*Records for this exercise*
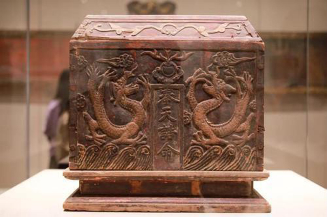 紫气东来·圣旨驾到——圣旨文化展中,展出清代奉天诰命圣旨箱。
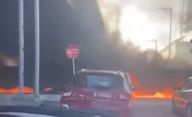 تداولت مواقع التواصل الاجتماعي مقطع فيديو، يظهر قطار شحن في المكسيك يمر وسط نيران كثيفة، بعد أن اصطدمت شاحنة وقود بالجسر الموجود فوق سكة الحديد.
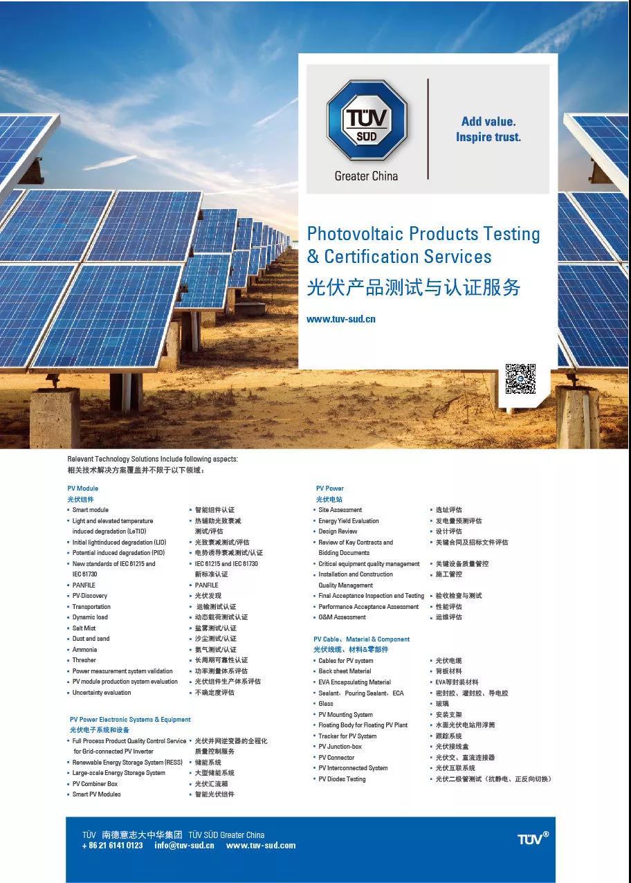 TÜV南德深耕中国光伏及智慧能源十年多,具有丰富的检测认证经验,能够从原材料到系统终端的全产业链,提供一站式、多市场的技术解决方案。TÜV南德积极参与光伏及智慧能源领域标准的研究和制定,为广大企业提供检测认证技术服务,并在上海、南京、扬州、常州、无锡、深圳,北京,天津,海南等地拥有多家(含合作)测试中心以及近百位技术专家,是全球领先的光伏和智慧能源产品认证与测试服务解决方案供应商。
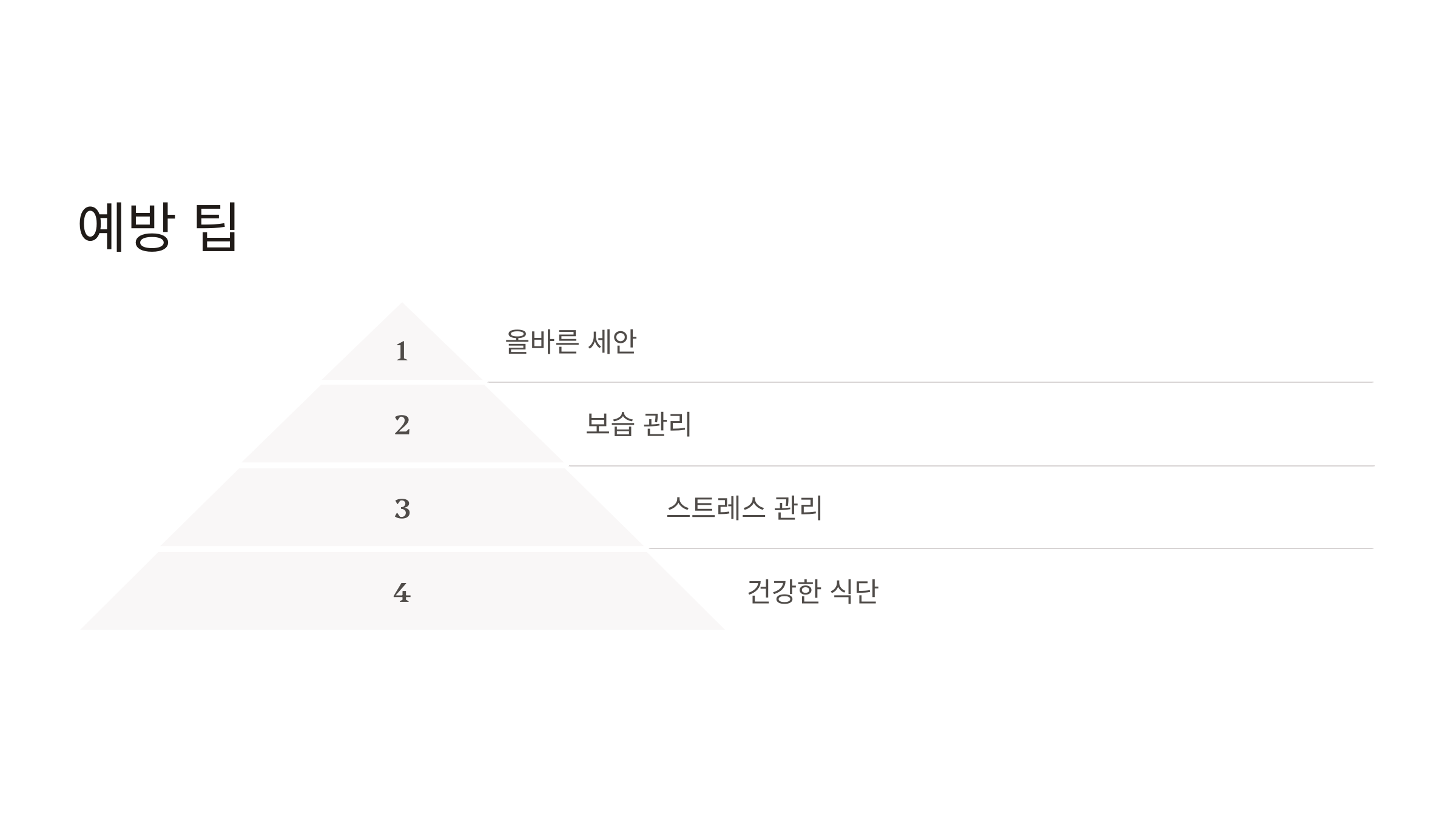 - 건강한 식단: 기름진 음식과 설탕 섭취를 줄이고, 비타민이 풍부한 채소와 과일을 섭취하세요.
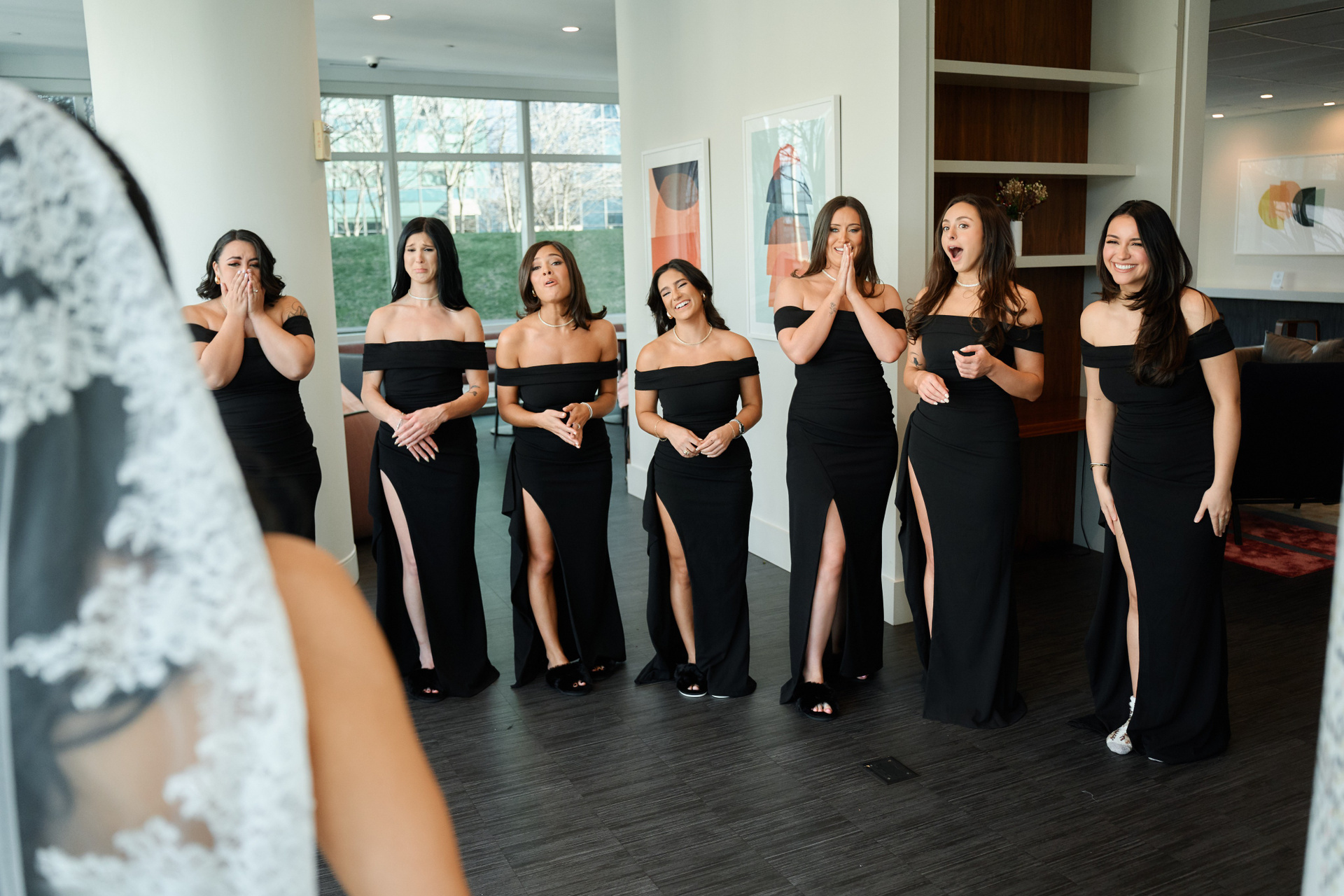 Shaun and Paloma’s wedding took place in December 2025 in the New York City area. The day began in Jersey City, NJ, where Paloma got ready with her bridesmaids. These quiet morning moments set the tone for the day and allowed for relaxed, natural wedding photos before the ceremony.

*What to work on*
Output everything in the records above word for word, but not the pictures.

*Response to the exercise*
 紫气东来·圣旨驾到——圣旨文化展中,展出清代奉天诰命圣旨箱。
 تداولت مواقع التواصل الاجتماعي مقطع فيديو، يظهر قطار شحن في المكسيك يمر وسط نيران كثيفة، بعد أن اصطدمت شاحنة وقود بالجسر الموجود فوق سكة الحديد.
 TÜV南德深耕中国光伏及智慧能源十年多,具有丰富的检测认证经验,能够从原材料到系统终端的全产业链,提供一站式、多市场的技术解决方案。TÜV南德积极参与光伏及智慧能源领域标准的研究和制定,为广大企业提供检测认证技术服务,并在上海、南京、扬州、常州、无锡、深圳,北京,天津,海南等地拥有多家(含合作)测试中心以及近百位技术专家,是全球领先的光伏和智慧能源产品认证与测试服务解决方案供应商。
 - 건강한 식단: 기름진 음식과 설탕 섭취를 줄이고, 비타민이 풍부한 채소와 과일을 섭취하세요.
 Shaun and Paloma’s wedding took place in December 2025 in the New York City area. The day began in Jersey City, NJ, where Paloma got ready with her bridesmaids. These quiet morning moments set the tone for the day and allowed for relaxed, natural wedding photos before the ceremony.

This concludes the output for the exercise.